Other compensable disruptions that the changes clause or similar contractual language can adequately address include changes to the drawings or specifications, differing site conditions, and actual or constructive suspensions of work. Although these clauses may provide for compensation, there are frequently administrative preconditions such as notice within a specified period or submission of the claim to the owner’s representative before seeking arbitration or judicial review.

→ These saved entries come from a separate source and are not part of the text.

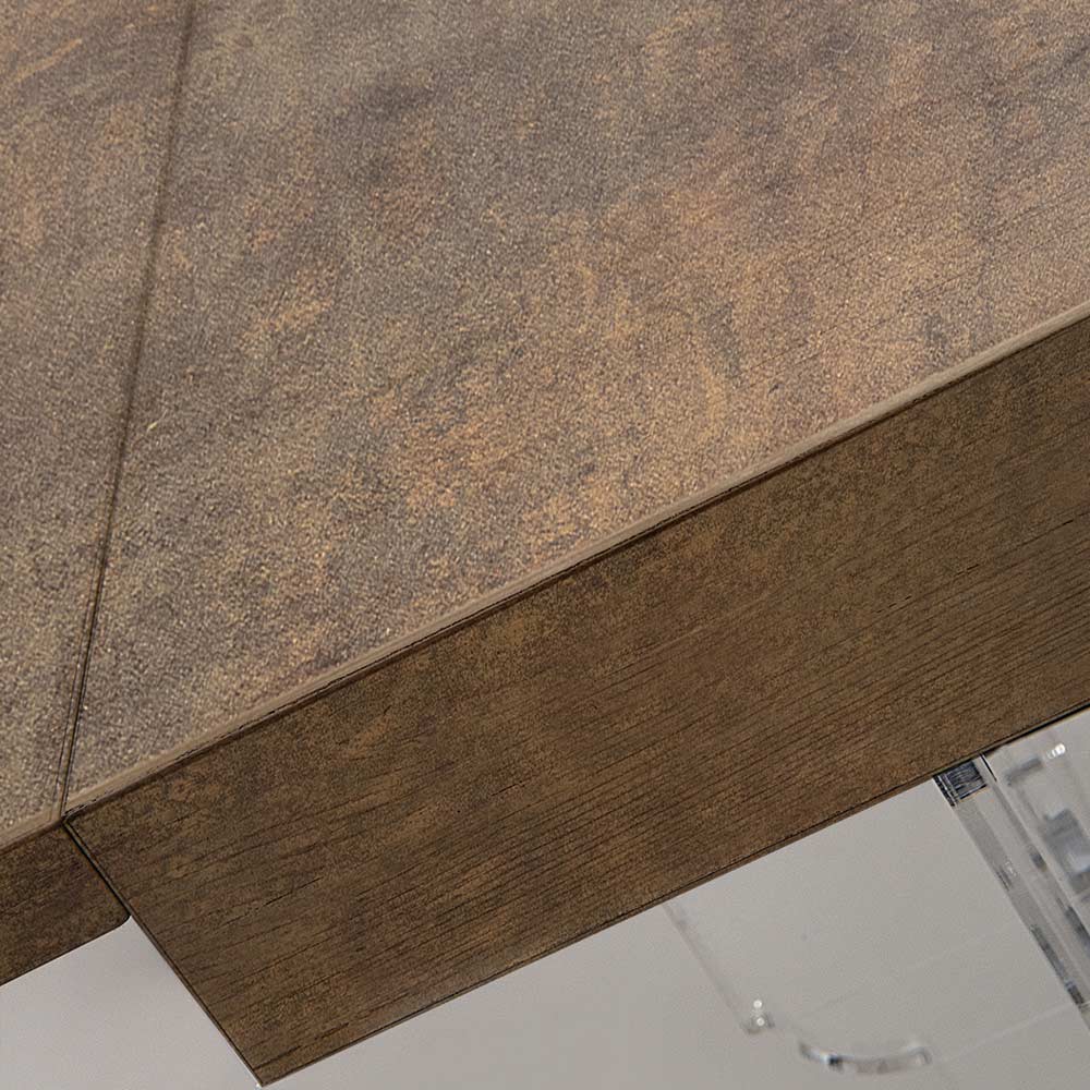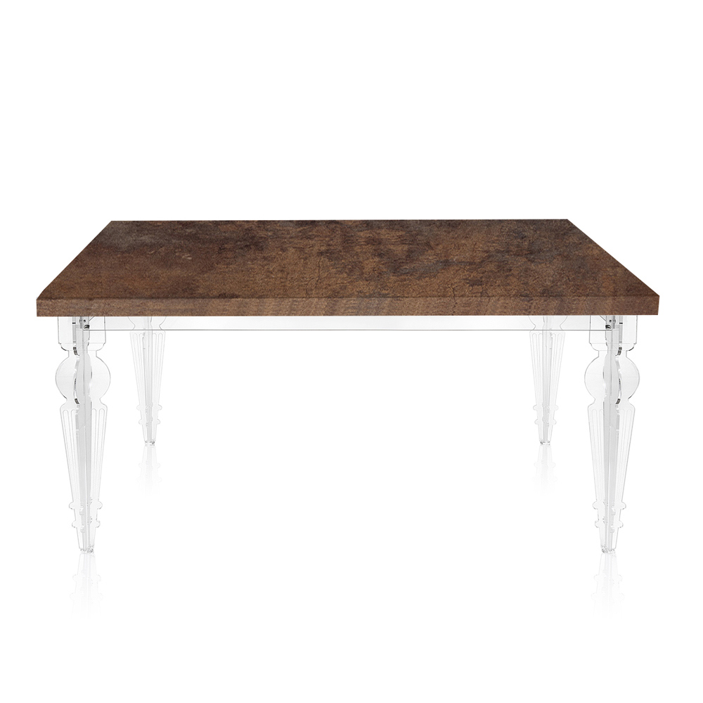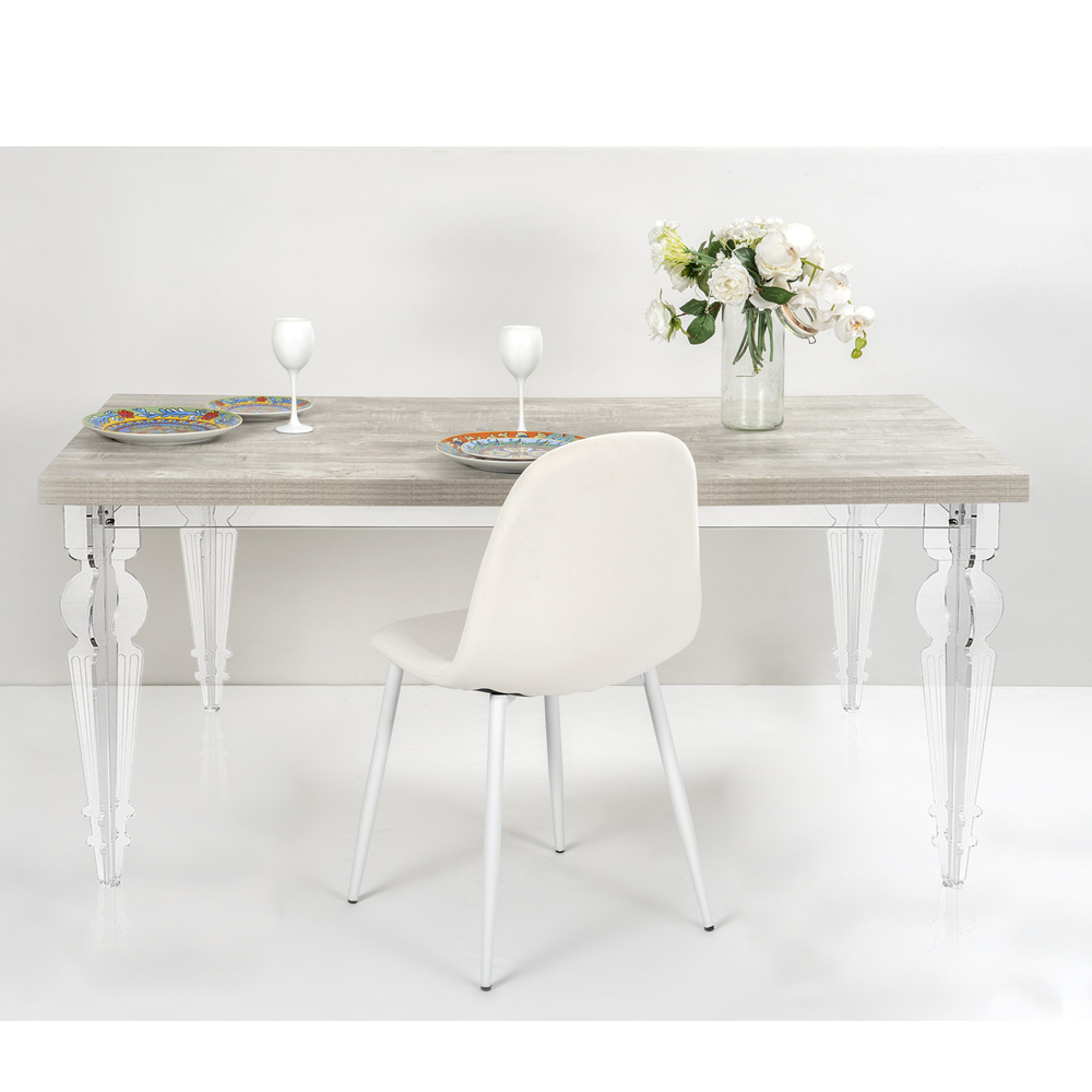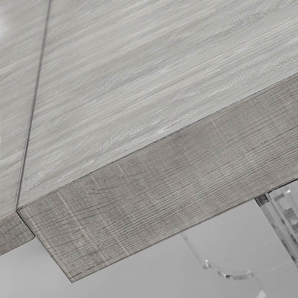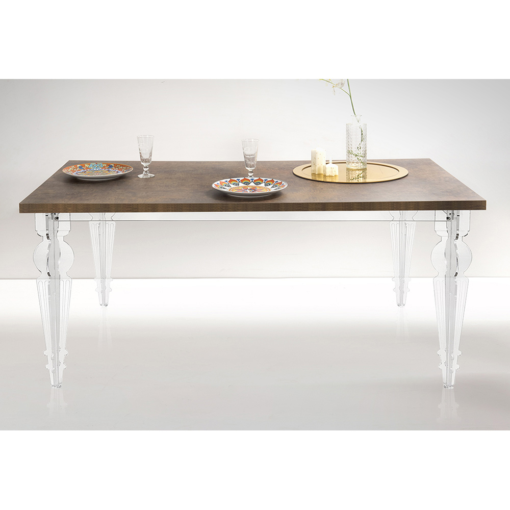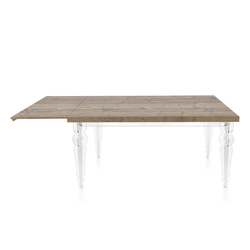 Tavolinë ngrënieje e zgjatur deri në 255 cm (10 vende) me strukturë PMMA pleksiglas nga polimer i virgjër dhe sipër me esencë druri të fisnikëruar që garanton qëndrueshmëri dhe mosdeformueshmëri , për një efekt lehtësie ekstreme dhe harmoni totale. Një mobilie që ndihmon për të arreduar me shije dhe personalitet sallonin e çdo ambienti banimi modern duke ofruar funksionalitet të pashembullt falë majës së zgjatshme që mund të strehojë deri në 10 persona për dreka dhe darka me miqtë.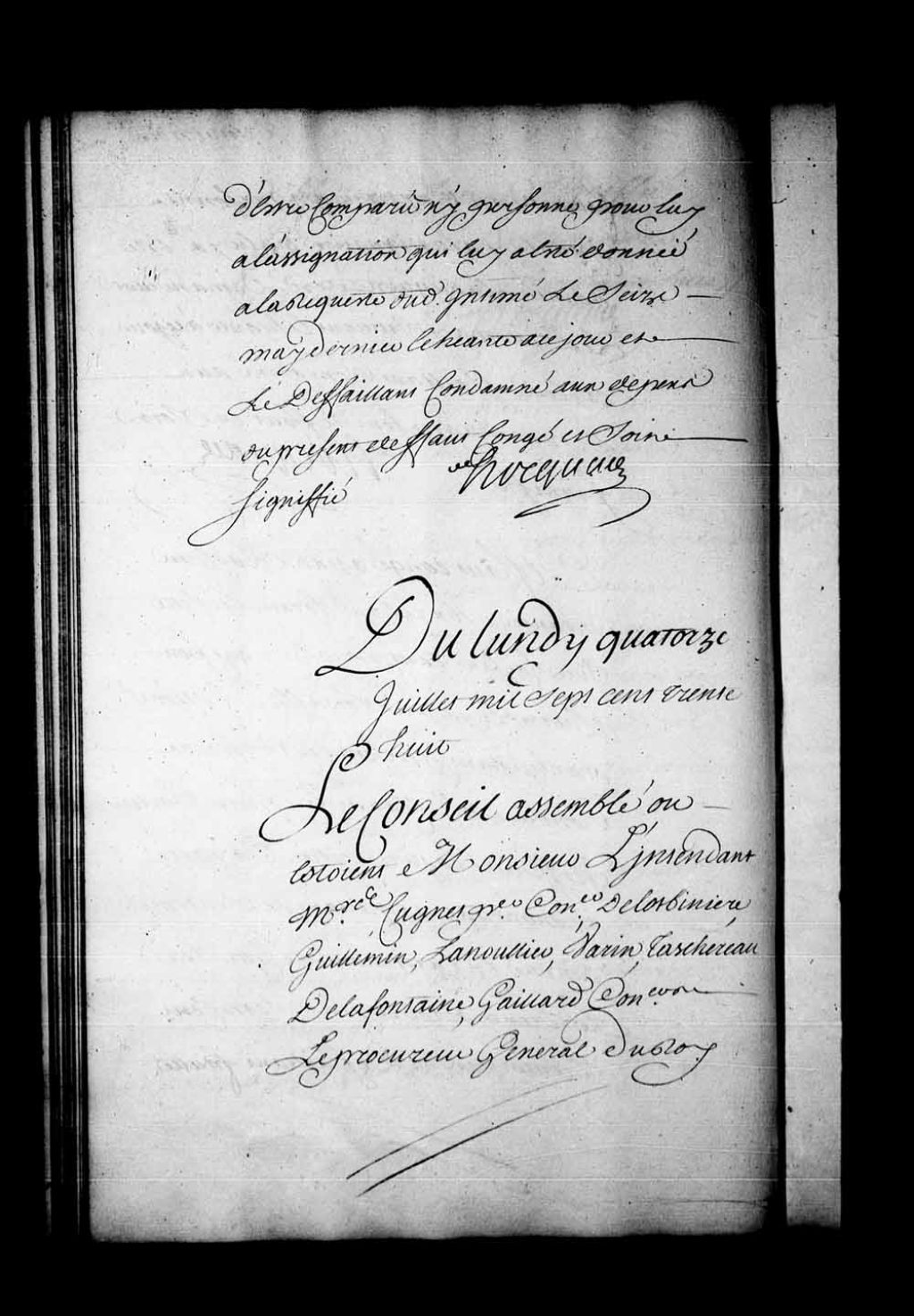 Arrêt qui, dans la cause entre Nicolas Boisseau, greffier de la Prévôté de Québec, au nom et comme époux de Marie-Anne Pagé Quercy, contre Marie-Anne Hubert, veuve d'Ignace Lecourt, et Marie-Renée Frérot, veuve de Joseph Pagé Quercy, explique en tant que besoin l'arrêt du 7 juillet 1738. Il est ordonné que la dite veuve Lecourt et la dite veuve Quercy ne seront tenues de contribuer à l'édification du mur de séparation que jusqu'à la hauteur de dix pieds à prendre du rez-de-chaussée et de deux pieds pour les fondements faisant en tout douze pieds, 14 juillet 1738, Archives nationales à Québec, Fonds Conseil souverain, (03Q,TP1,S28,P18707).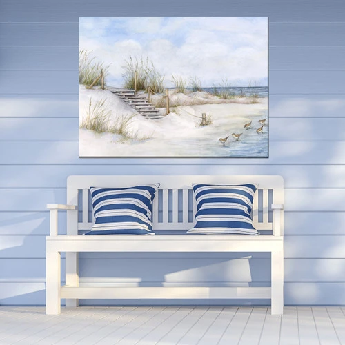Bring coastal style to your patio or garden with the Beachfront Outdoor Canvas Art. This outdoor wall decor has a beach scene depicting a set of wooden steps leading down to the water.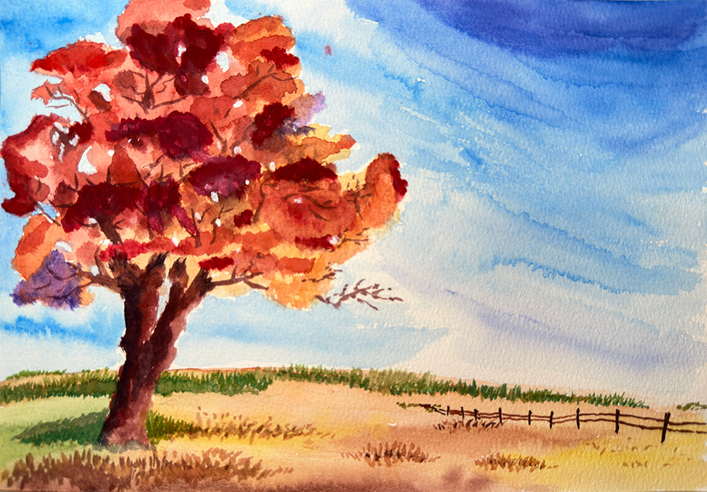 第三幅水彩 有了前張「黑洞」的經驗 但還沒學乖 又用筆救來救去 左邊的樹 差點又變成「黑洞」啦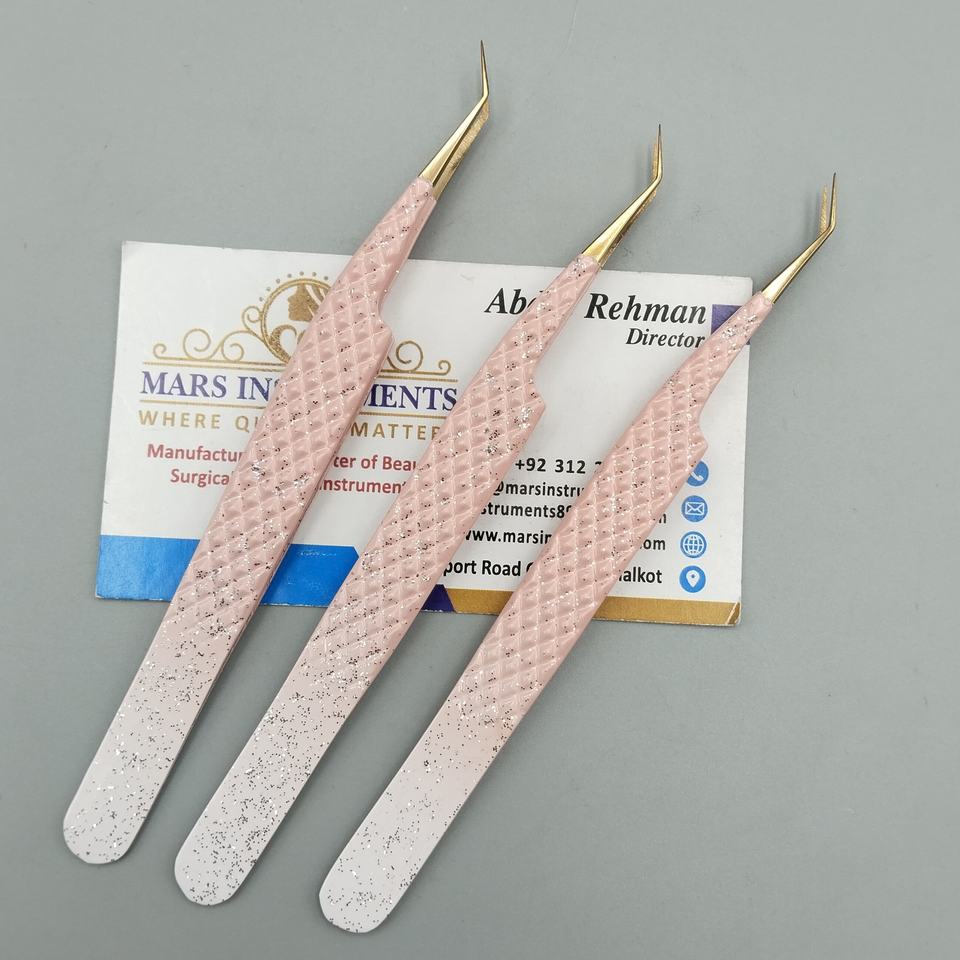 Gold 45 Degree Curved Japanese Stainless Steel Individual Eyelash Extension Tweezers Diamond Grip Lash Tweezers Powder Coating

When the owner refuses to compensate the contractor for such disruptions in accordance with a changes clause or similar contractual stipulation, the contractor may be able to recover its increased costs by asserting that the owner breached either an express or implied obligation of the contract upon which the contractor’s performance depended. An example of an express obligation would be a specific clause stating that it is the owner’s duty to make the site available to the contractor at a certain date. Similarly, a clause that requires a contractor to perform on a specific date may act as a warranty that the jobsite will be available on that date. If the owner subsequently fails to provide timely site access, the contractor may have a breach of contract action against the owner for failing to make the site available by the contractually required date.
In addition to construing parties’ rights under the express provisions of a contract, courts often supplement these express rights with implied rights and obligations, such as the duty not to interfere with the contractual performance of another.
Many cases describe this implied duty and set forth the acts that constitute interference with another’s contract performance, entitling the injured contractor to damages. The following acts have been held to constitute interference with a contractor’s work:
- An owner’s failure to make the work site available when this was within its control;
- The owner’s failure to furnish materials, labor, or information in a timely manner;
- The owner’s failure to remove conditions that restrict but do not deny access to the jobsite.
Another implied duty that may form the basis for a disruption claim is the duty to schedule and coordinate work. For example, if an owner favors one contractor over another or permits one contractor to work in an area where another contractor is supposed to be working, it may face a claim for additional compensation as a result of the disruption caused by the owner’s failure to coordinate the work. Contractually, however, the duty to coordinate work among subcontractors may be shifted to the contractor.
It is extremely important that a contractor whose performance has been disrupted keep accurate records of its increased costs and/or time of performance. It is easy for a contractor to overlook the more obvious disruption costs of a differing site condition or change order because the focus is on additional quantities or duration of work, rather than the impact of the disruption to the overall costs of performance.